Подведем итог анализу первой главы Материи и памяти. Нам предложено различать пять смыслов, или аспектов, субъективности: (1) субъективность-потребность, момент негации (потребность создает прореху в непрерывности вещей и удерживает лишь то, что интересует ее в объекте, оставляя остальное без внимания); (2) субъективность-мозг, момент интервала или неопределенности (мозг обеспечивает нас средствами «выбора» того, что соответствует нашим потребностям в данном объекте; вводя интервал между полученным и выполненным движениями, он сам выступает как выбор между двумя возможностями потому, что он — сам по себе, благодаря собственным нервным сплетениям — бесконечно дробит возбуждение, а еще и потому, что он — и это относится к двигательным клеткам спинного мозга — оставляет нам выбор между несколькими возможными реакциями); (3) субъективность-аффект, момент боли (ибо аффект — та цена, какую платят мозг или осознанное восприятие; восприятие отражает возможное действие, а мозг осуществляет указанный «интервал» лишь в том случае, если определенные части организма остаются в неподвижности, выполняя чисто рецептивную роль, что и ввергает их в состояние боли); (4) субъективность-воспоминание, первый аспект памяти (воспоминание как то, что должно заполнить интервал, как то, что воплощается и актуализируется в собственно церебральном интервале); (5) субъективность-сжатие, второй аспект памяти (тело, являющееся не столько точечно оформленным мгновением во времени, сколько математической точкой в пространстве, а также осуществляющее сжатие испытанных возбуждений, откуда и рождается качество).

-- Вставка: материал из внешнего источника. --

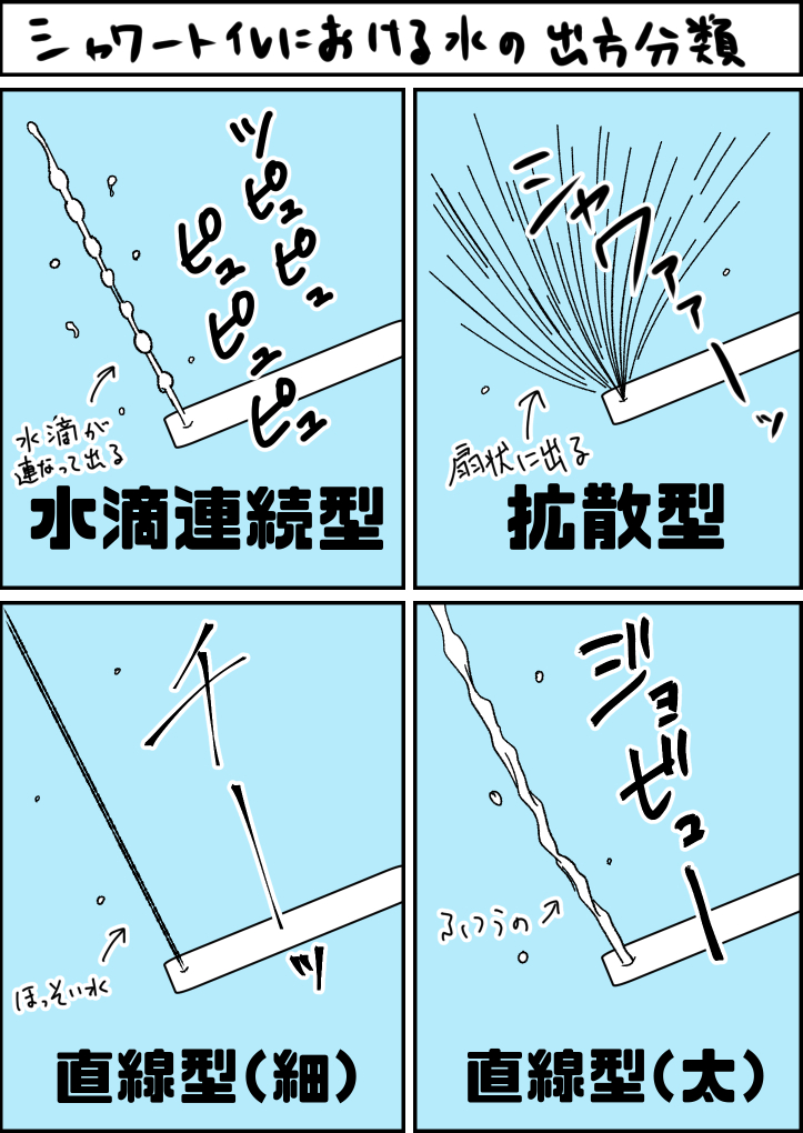 シャワートイレのシャワーの水の出方には、メーカーなどで色んなタイプがあるんだよ。
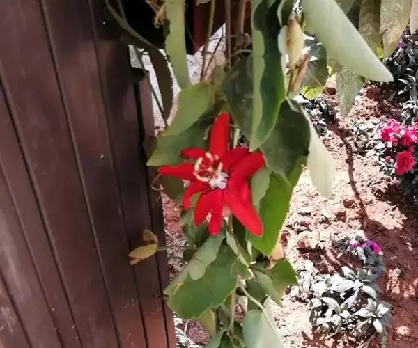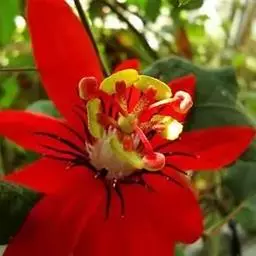 花大,极为艳丽,观赏性极佳。适合棚架、花架、绿廊栅栏及庭园种植观赏,盆栽可用于天台、阳台绿化。 红花西番莲的果实
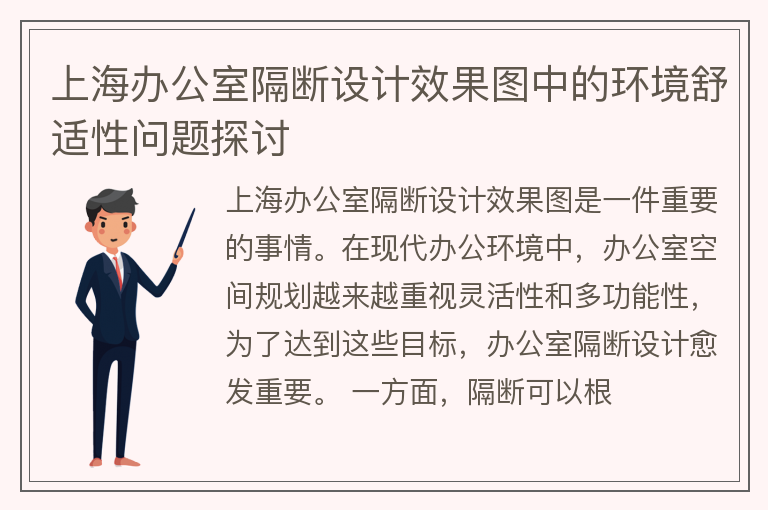 上海办公室隔断设计效果图是一件重要的事情。在现代办公环境中,办公室空间规划越来越重视灵活性和多功能性,为了达到这些目标,办公室隔断设计愈发重要。
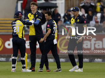 Durham's Nathan Sowter is celebrating with his teammates after bowling Leicestershire Foxes' Rish Patel for 48 during the Vitality T20 Blast match between Durham and Leicestershire Foxes at the Seat Unique Riverside in Chester le Street, England, on June 12, 2024.
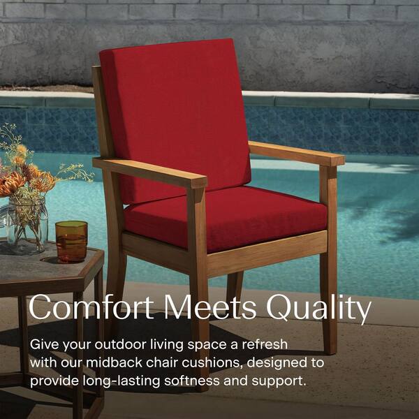 Outdoor Midback Dining Chair Cushion Textured Solid Imperial Red

Итак, эти пять аспектов не только организуются в порядке возрастающей глубины, но и распределяются по двум крайне различным линиям фактов. Первая глава Материи и памяти предполагает разложить композит (Представление) на два расходящихся направления: материю и память, восприятие и воспоминание, объективное и субъективное (см. о двух множественностях в Опыте о непосредственных данных сознания). Из пяти аспектов субъективности первые два явным образом принадлежат объективной линии, так как первый из них ограничивается абстрагированием от объекта, а второй — устанавливанием зоны неопределенности. Случай аффекта — третий смысл — сложнее; он, несомненно, зависит от пересечения упомянутых двух линий. Но позитивность аффекта, в свою очередь, все еще не говорите присутствии чистой субъективности, которая противопоставлялась бы чистой объективности, эта позитивность, скорее, является «нечистотой», тревожащей чистую субъективность.4 Тогда, чистой линии субъективности принадлежат как раз четвертый, а затем пятый смыслы. Только эти два аспекта памяти строго означают субъективность, остальные же допущения ограничиваются тем, что обеспечивают и осуществляют встраивание одной линии фактов в другую, пересечение одной линии с другой.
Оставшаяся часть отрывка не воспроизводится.